– У меня когда-то был клиент. Он давно уже умер. Приятный человек. Работал дизайнером в рекламных агентствах, но был и настоящим художником. Его дом был наполнен чудесными картинами. Я открыл его, когда он был уже далеко не молод, хотя теперь, когда я думаю о нем, то понимаю, что он был гораздо моложе меня сегодняшнего. – Маруа улыбнулся.
Улыбнулся и Гамаш. Ему было знакомо это чувство.
– Он был одним из моих первых клиентов, и довольно успешным. Он был на седьмом небе, как и его жена. Однажды он спросил, не могу ли я взять несколько работ его жены для его следующей выставки. Я отказался, хотя и очень вежливо. Но он настаивал, что было совсем не характерно для него. Я мало ее знал и вообще не был знаком с ее работами. Я подозревал, что она оказывает давление на старика, но видел, что для него это очень важно, а потому согласился. Дал ей уголок и молоток с гвоздями.
Маруа помолчал, его глаза загорелись.
– Теперь я этим не очень горжусь. Я должен был либо отнестись к ней со всем уважением, либо вообще отказаться от выставки. Но я был молод, и мне еще многому предстояло научиться. – Он вздохнул. – В тот вечер на вернисаже я впервые увидел ее работы. Вошел в зал и увидел, что все столпились в том уголке. Можете сами предположить, что случилось.

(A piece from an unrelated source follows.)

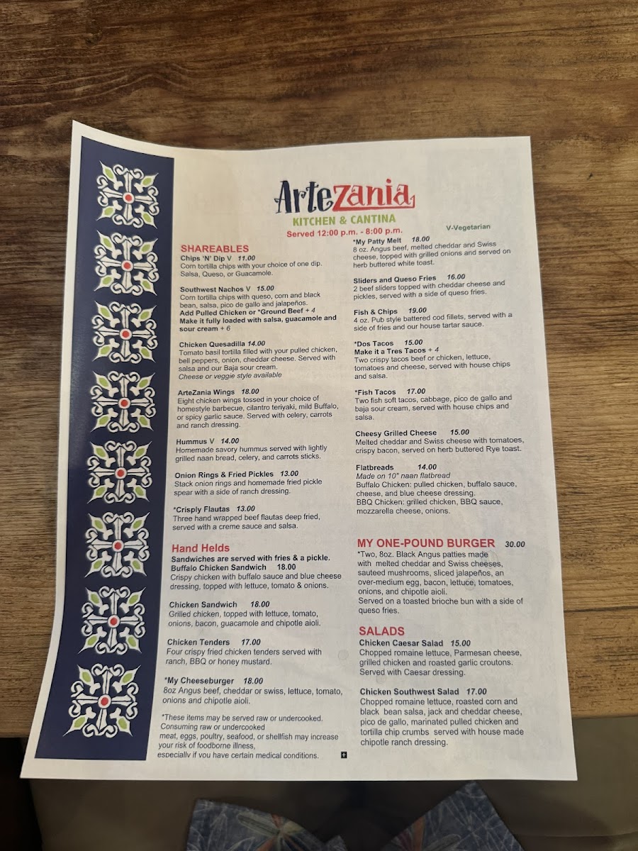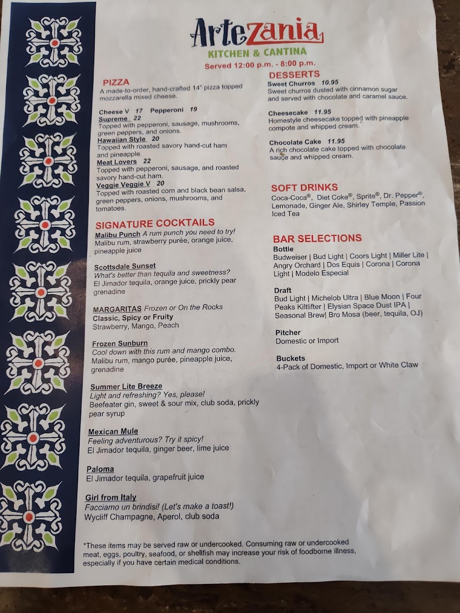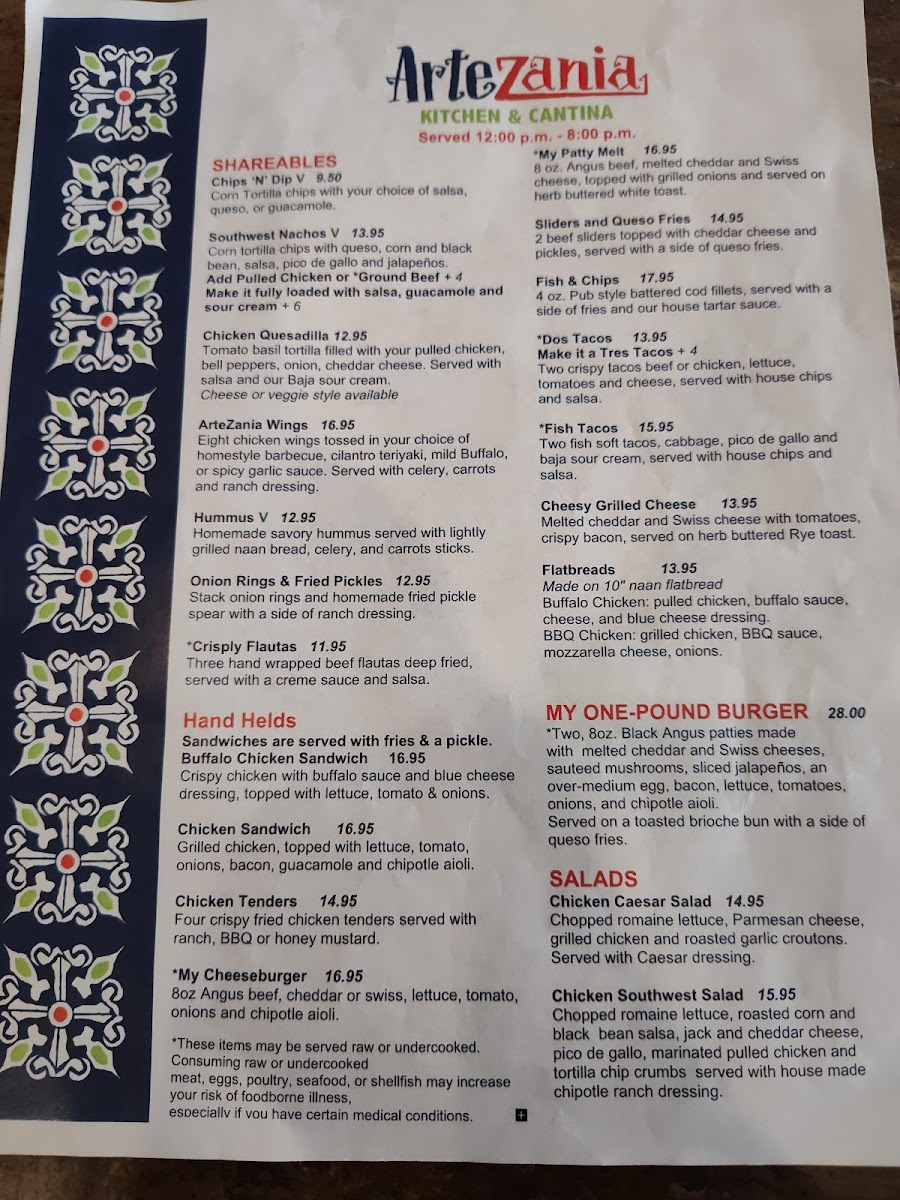 Artezania Kitchen & Cantina Menu

– Все ее работы были проданы, – сказал Гамаш.
Маруа кивнул:
– Все до одной, включая и те, что были у нее дома. Люди покупали их, даже не видя. За некоторые даже шла торговля – покупатели повышали ставки. Мой клиент был талантливым художником. Но его жена оказалась еще талантливее. Гораздо талантливее. Это было поразительное открытие. Настоящее ухо Ван Гога.
– Pardon? – спросил Гамаш. – Что?
– И что сделал старик? – вмешался Кастонге, которого увлекла эта история. – Он, наверно, был в ярости.

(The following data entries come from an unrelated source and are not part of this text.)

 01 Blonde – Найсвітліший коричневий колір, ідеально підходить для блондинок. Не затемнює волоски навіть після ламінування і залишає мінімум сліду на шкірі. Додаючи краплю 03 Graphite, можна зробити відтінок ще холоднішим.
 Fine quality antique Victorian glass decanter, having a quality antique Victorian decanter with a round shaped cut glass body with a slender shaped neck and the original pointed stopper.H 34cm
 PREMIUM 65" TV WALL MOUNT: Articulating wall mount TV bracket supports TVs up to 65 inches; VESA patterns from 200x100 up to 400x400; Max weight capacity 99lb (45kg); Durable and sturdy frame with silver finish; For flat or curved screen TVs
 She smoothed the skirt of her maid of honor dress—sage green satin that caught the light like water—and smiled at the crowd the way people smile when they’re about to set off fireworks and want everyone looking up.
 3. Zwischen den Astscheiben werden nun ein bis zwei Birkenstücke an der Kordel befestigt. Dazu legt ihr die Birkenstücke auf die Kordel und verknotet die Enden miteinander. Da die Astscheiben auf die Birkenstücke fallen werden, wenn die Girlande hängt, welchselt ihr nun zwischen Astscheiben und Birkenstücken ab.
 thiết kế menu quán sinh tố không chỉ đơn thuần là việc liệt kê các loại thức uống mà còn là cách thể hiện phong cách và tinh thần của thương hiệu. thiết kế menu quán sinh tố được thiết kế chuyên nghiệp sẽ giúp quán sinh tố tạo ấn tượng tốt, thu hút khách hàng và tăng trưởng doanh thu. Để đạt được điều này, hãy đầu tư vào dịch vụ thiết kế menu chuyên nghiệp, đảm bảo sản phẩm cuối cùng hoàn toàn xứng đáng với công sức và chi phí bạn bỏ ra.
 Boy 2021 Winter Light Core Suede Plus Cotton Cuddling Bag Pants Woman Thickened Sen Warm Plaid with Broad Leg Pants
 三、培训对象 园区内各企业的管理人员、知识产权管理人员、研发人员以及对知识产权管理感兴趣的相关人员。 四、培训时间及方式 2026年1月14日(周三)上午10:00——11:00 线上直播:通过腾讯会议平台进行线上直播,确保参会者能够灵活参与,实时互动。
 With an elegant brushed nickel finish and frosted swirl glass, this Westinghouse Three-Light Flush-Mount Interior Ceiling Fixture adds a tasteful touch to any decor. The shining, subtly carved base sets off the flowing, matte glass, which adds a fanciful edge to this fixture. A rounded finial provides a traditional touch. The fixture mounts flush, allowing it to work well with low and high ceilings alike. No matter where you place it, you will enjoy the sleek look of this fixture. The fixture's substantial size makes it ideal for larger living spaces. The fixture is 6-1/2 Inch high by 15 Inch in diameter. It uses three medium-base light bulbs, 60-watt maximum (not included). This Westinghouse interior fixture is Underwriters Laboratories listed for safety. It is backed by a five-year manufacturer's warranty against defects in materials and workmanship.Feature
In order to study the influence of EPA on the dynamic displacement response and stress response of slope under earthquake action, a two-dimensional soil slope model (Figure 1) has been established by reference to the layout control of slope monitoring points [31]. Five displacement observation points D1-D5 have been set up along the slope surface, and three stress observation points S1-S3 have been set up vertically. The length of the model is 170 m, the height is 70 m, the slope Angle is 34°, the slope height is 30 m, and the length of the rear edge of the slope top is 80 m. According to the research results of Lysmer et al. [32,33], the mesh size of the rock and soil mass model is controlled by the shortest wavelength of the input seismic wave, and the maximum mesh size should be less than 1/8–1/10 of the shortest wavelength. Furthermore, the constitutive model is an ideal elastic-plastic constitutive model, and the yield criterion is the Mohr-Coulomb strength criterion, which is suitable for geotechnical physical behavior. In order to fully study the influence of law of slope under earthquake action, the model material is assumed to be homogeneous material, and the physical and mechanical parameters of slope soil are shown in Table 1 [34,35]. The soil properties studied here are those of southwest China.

– Нет. Он был душевным человеком. Научил меня снисходительности. И сам был снисходительным. Но вот чего я никогда не забуду, так это реакции его жены. – Он помолчал секунду, явно видя перед собой тех двух пожилых художников. – Она оставила кисть. Не только больше никогда не выставлялась, но и не написала ни одной картины. Она видела, какую боль причинила ему, хотя он хорошо скрывал свои чувства. Для нее его счастье было важнее собственного. Важнее ее искусства.
Старший инспектор Гамаш знал, что этот рассказ должен был прозвучать как история любви. Самопожертвования, бескорыстия. Но для него это прозвучало как трагедия.

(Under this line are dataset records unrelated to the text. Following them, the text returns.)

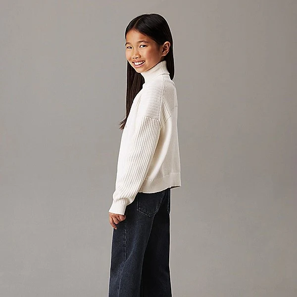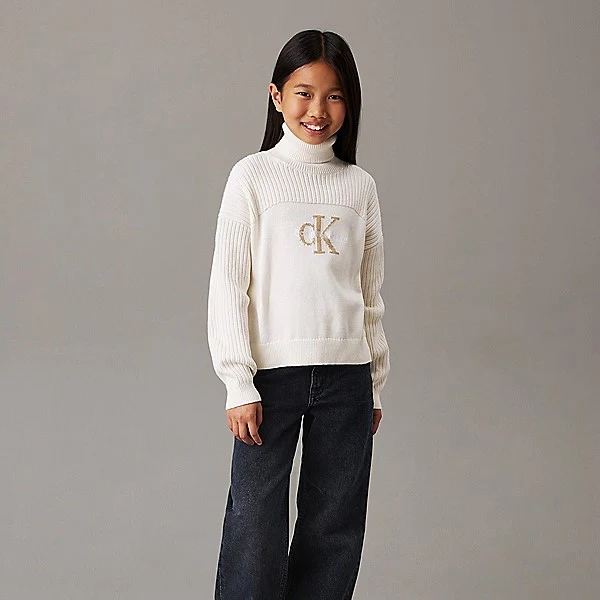 Maglione CALVIN KLEIN in caldo cotone collo alto con logo ricamato applicato.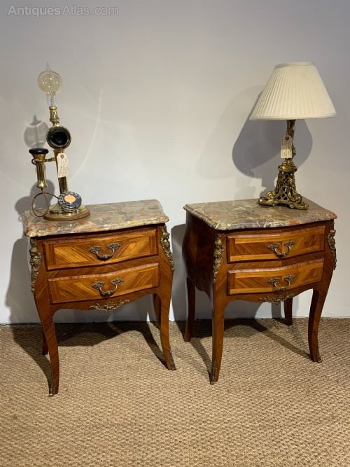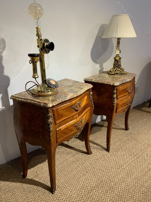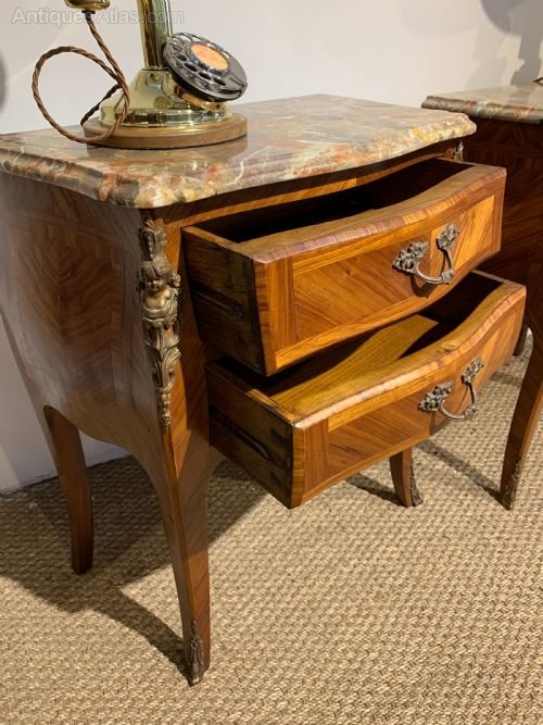 Pair of Louis XV Style Marble Top Bedside Drawers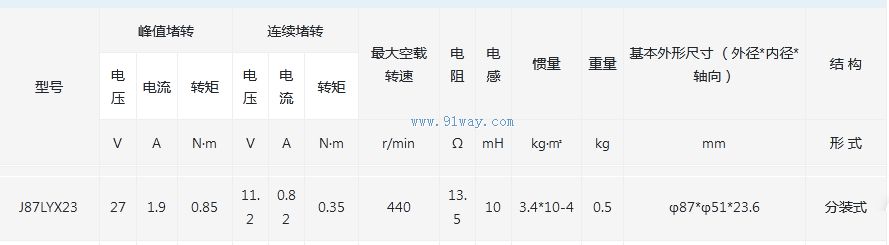 J87LYX23型永磁式直流力矩電動機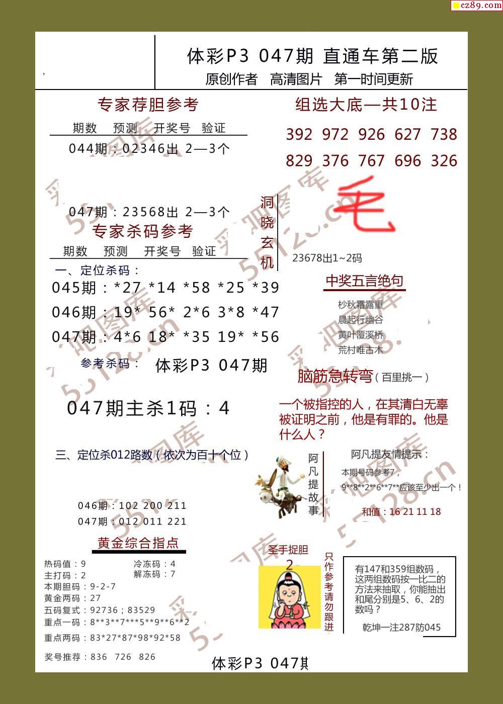 2026年047期牛彩网体彩P3画迷图谜汇总分享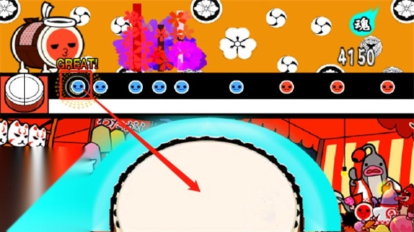 游戏内碰到红色鼓点,玩家需要点击敲击鼓面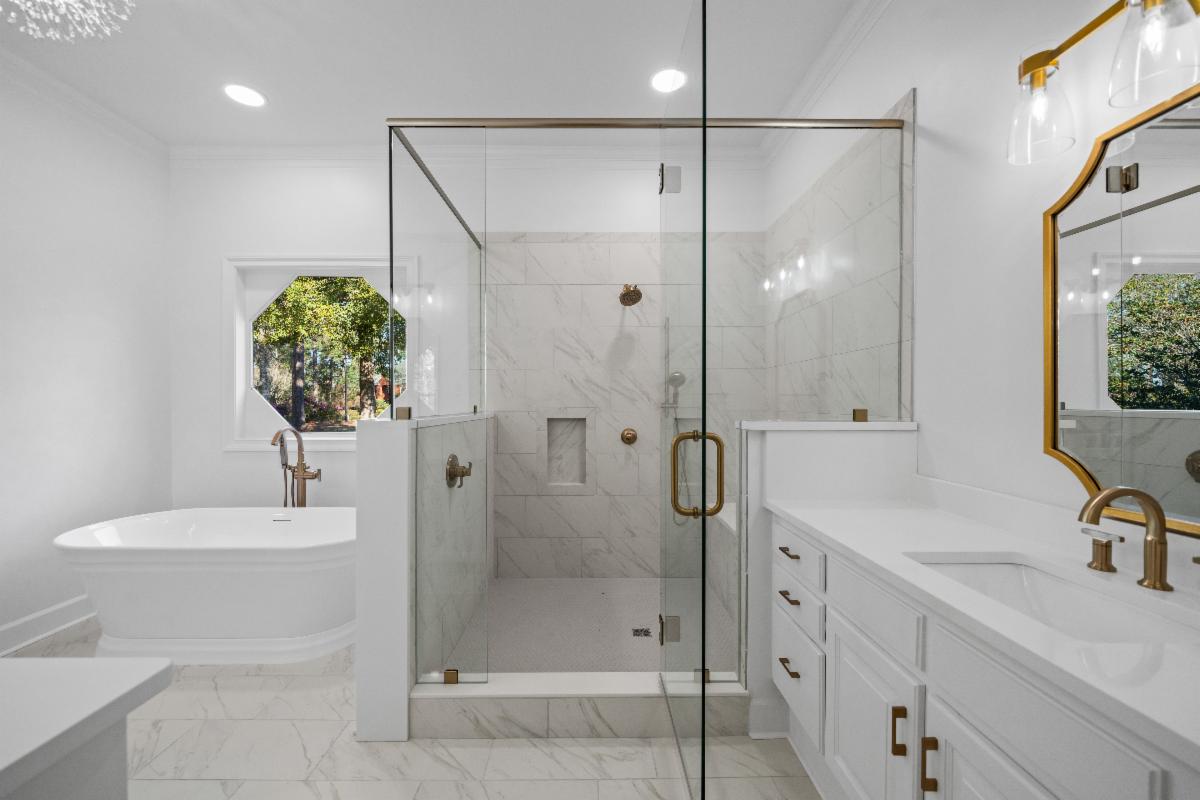 2026 improvements include: Completely RENNOVATED light and bright PRIMARY BATHROOM - with amazing walk- in shower, stand-alone tub, new flooring, fixtures, mirrors, vanity, & water closet, with large walk-in closet and more! ALL NEW PAINT and CARPET throughout the entire home, along with new exterior trim paint and columns replaced.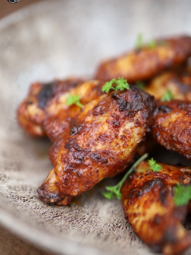 Die Wings ca. 40–45 Minuten garen, bis sie goldbraun und knusprig sind. Zwischendurch einmal wenden. Je nach Hitzequelle etwas kürzer oder länger.

– И поэтому вы здесь? – спросил Гамаш.
Маруа кивнул:
– Я боюсь.
– Чего вы боитесь? – спросил Кастонге, опять потерявший нить.
– Вы видели, как вчера Клара Морроу смотрела на своего мужа? – спросил Маруа.
– И как он смотрел на нее, – подхватил Гамаш.
Взгляды этих двоих встретились.
– Но Клара не похожа на ту женщину, о которой вы вспомнили, – возразил старший инспектор.
– Верно, – согласился Маруа. – Но и Питер Морроу не похож на моего пожилого клиента.
– Вы и вправду считаете, что Клара могла бы оставить кисть? – поинтересовался Гамаш.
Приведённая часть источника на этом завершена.